Although the divisions were traumatic, Episcopalians who left their church buildings have some advantages in attracting new members, said Walt Cabe, a member of Theatre Arlington St. Alban’s.

“We started out with a core group of 35 to 40 folks and now we consistently run over 100 people,” Cabe said. “We have a lot of young people and a lot of kids.”

The western section of the Fort Worth Diocese was not as affected by the split, said John Cook, an attorney and member of Breckenridge’s St. Andrew’s Episcopal Church.

“All of us out here pretty much went with Iker,” he said. “I do have friends on both sides. Sometimes we discuss it. Sometimes we agree not to. It can be touchy.”

Legal wrangling

In the shadow of all the congregational splits has been litigation over which side has the right to millions of dollars’ worth of church property in the sprawling diocese.

The 141st District Court in Tarrant County ruled in 2011 that because the Episcopal Church is a hierarchical body, the property should go to the group still loyal to the church.

But the Texas Supreme Court granted an appeal by the Iker-led group, ruling that the matter should go back to the lower court for a rehearing based on the principles of Texas law.

On March 21, the state Supreme Court rejected an appeal by the Episcopal Church asking that the rehearing be denied. Attorneys for the national church said they plan to appeal to the U.S. Supreme Court.

The litigation has been less than cordial at times, with stern language used for emphasis.

In a news release about the March 21 ruling, from the group that stayed with the national church, High said: “While we are disappointed at any delay in the resolution of this dispute and the return of historic Episcopal property for the use of The Episcopal Church, we look forward to its ultimate resolution in our favor. … We will continue to pray for all our sisters and brothers involved in this situation.”

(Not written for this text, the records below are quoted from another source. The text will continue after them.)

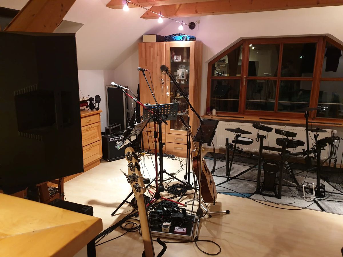 Warum das also nicht alles in eine Geschichte packen und raus in die Welt tragen. Menschen eine Freude machen, wenn es um deren besondere Anlässe geht und dabei auch von unseren besonderen Momenten erzählen. Wie dieses verrückte Jahr 2023, in dem wir keinen Probenraum gefunden haben, unsere Kohle in einen Kessel geworfen haben, um technisch aufzurüsten und in Folge dessen mein Esszimmer zu unserer Musikerhöhle umgebaut haben.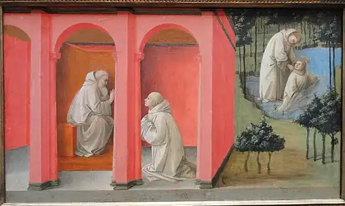 Eines Tages, so berichtet die Legende, fiel der junge Placidus in einen Teich und drohte zu ertrinken. Sein Mitbruder Maurus wurde von Benedikt ausgesandt, um den Jungen aus dem Wasser zu ziehen, was ihm auch gelang. Erst im Nachhinein bemerkte Maurus, dass er auf dem Wasser gewandelt war, was Placidus auf den Segen ihres geistlichen Vaters zurückführte.[1]
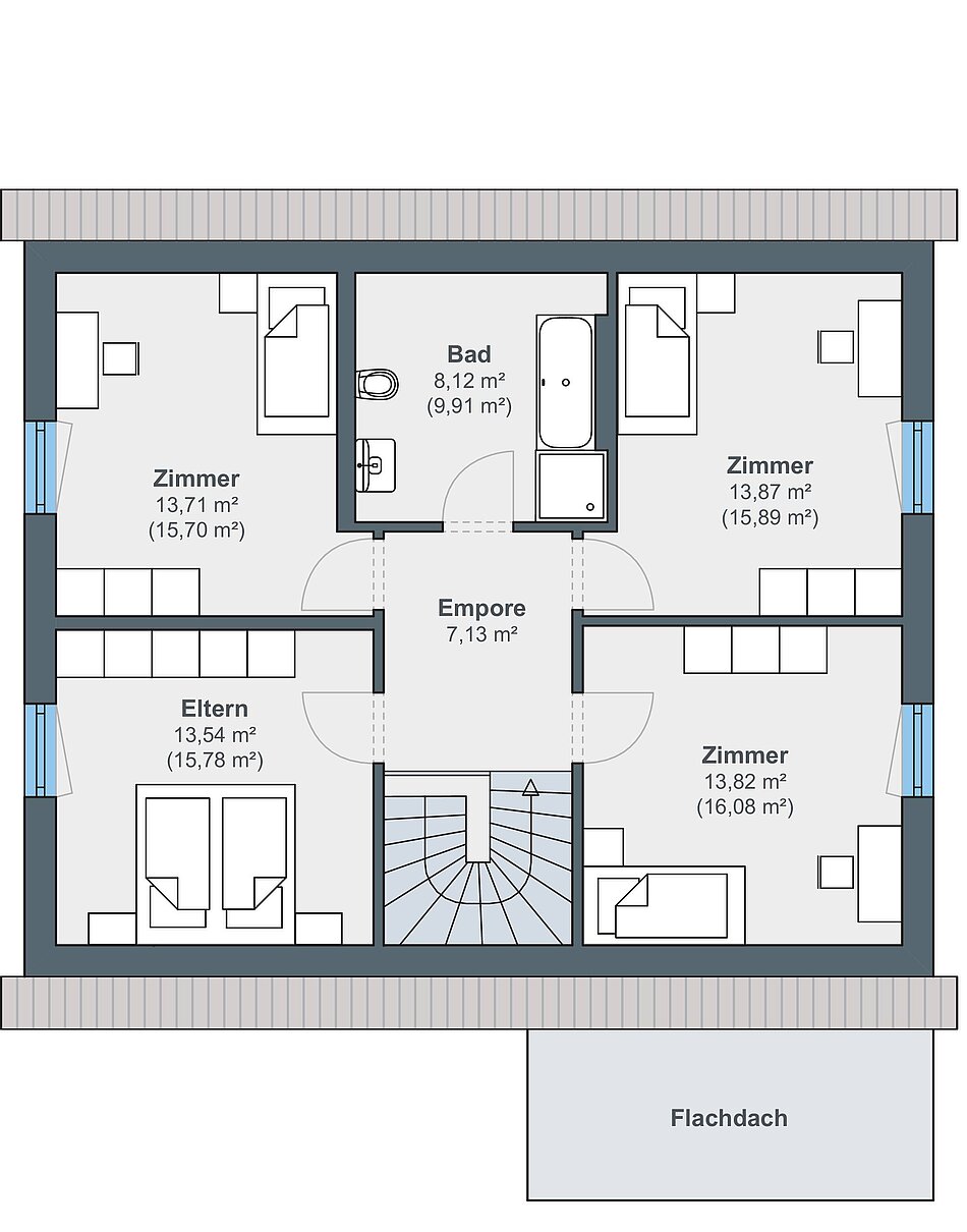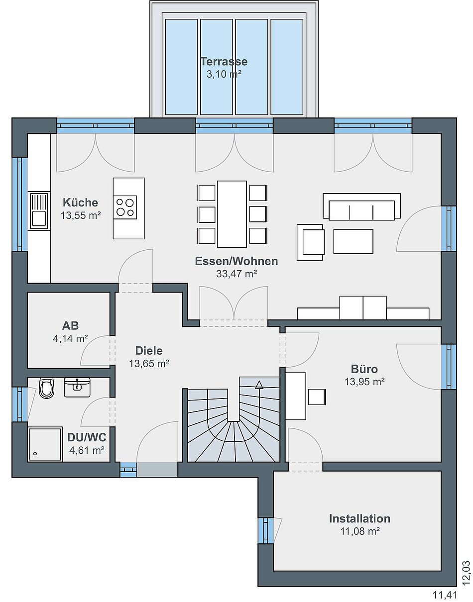 Großzügige Grundrisse, moderne, reduzierte Formen und mit dem leicht versetzten Pultdach beste Voraussetzungen für eine Photovoltaikanlage: So könnte Ihr generation5.5 als PlusEnergie-Haus aussehen. Auf eineinhalb Geschossen ist reichlich Platz für Komfort-Extras wie das flexibeln nutzbare Zimmer im Erdgeschoss oder die große Ankleide neben dem Elternschlafzimmer. Über die Terrasse, auf die man vom Wohn-Essbereich gelangt, bietet sich eine Pergola an. Optionen? Viele. Zum Beispiel eine Garage mit überdachter Verbindung zum Haus und zusätzlichem Abstellraum.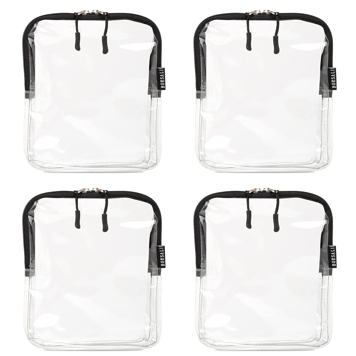 BORSALI Quart Size Bag TSA-Approved for Carry On Travel - One (1) Quart Clear Toiletires, Cosmetic and 3-1-1 Liquids Toiletry Bag - 4 Pack

On March 25, the Iker group sent out a news release with a headline that read: “TEC to make desperate appeal to U.S. Supreme Court to intervene in Texas litigation.”

In the release, Iker said: “This is a last-ditch, desperate act on the part of a group that now realizes theirs is a lost cause in Texas. It shows how far they will stretch to delay and confuse, to prevent the proceedings from being brought to a conclusion.”

‘It’s the people’

Whatever the outcome of the legal process, people of faith will continue to worship, said Marti Fagley, who attended St. Francis Episcopal Church in Willow Park before the split.

She and a minority of members wanting to stay in the Episcopal Church had to find a new place to worship and obtain items needed for Communion. It took some innovation.

“We first met in a school. At one time, we used a beer mug as a Communion chalice,” Fagley said. “Now the congregation, also called St. Francis, meets in the parish hall of Community Christian Church in Aledo. A silver chalice has replaced the beer mug.

“Leaving the building was somewhat painful,” she said. “There were people in the community I really regretted to leave.”

With a smaller congregation, she said, everyone gets involved. Her husband, Walter Fagley, has become more active and built a wooden altar, she said.

“What we have learned from all of this is that the church is not the building,” Fagley said. “It’s the people.”